### RECORDS FOR PROCESSING
○ ○ ○
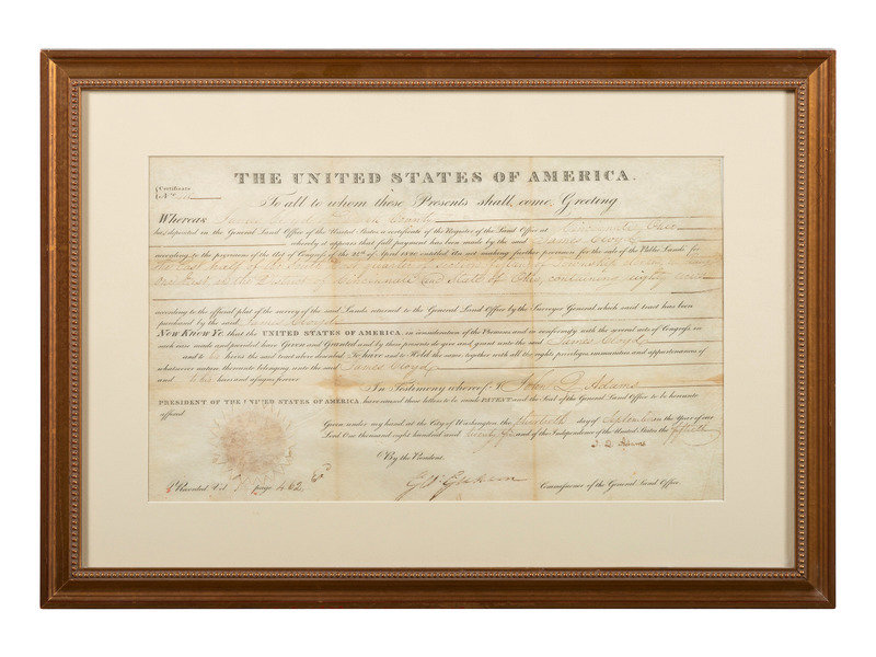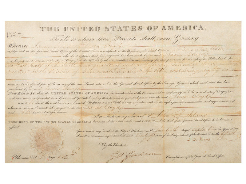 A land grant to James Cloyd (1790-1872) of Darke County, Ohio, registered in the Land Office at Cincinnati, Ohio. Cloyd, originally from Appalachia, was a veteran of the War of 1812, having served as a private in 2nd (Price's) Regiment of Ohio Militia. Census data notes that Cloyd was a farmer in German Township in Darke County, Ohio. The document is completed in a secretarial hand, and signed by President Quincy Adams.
○ ○ ○
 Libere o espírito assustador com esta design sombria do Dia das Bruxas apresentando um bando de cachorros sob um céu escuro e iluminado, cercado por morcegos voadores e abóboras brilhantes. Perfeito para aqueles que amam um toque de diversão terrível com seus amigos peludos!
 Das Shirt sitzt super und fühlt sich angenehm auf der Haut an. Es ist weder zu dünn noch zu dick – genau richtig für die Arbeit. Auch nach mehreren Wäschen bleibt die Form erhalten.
○ ○ ○
### EXERCISE DIRECTIONS
Reproduce the lines above, beginning at the line with "Libere o espírito" and stopping after the line with "Das Shirt sitzt", exactly as they are.

### RESPONSE AREA
 Libere o espírito assustador com esta design sombria do Dia das Bruxas apresentando um bando de cachorros sob um céu escuro e iluminado, cercado por morcegos voadores e abóboras brilhantes. Perfeito para aqueles que amam um toque de diversão terrível com seus amigos peludos!
 Das Shirt sitzt super und fühlt sich angenehm auf der Haut an. Es ist weder zu dünn noch zu dick – genau richtig für die Arbeit. Auch nach mehreren Wäschen bleibt die Form erhalten.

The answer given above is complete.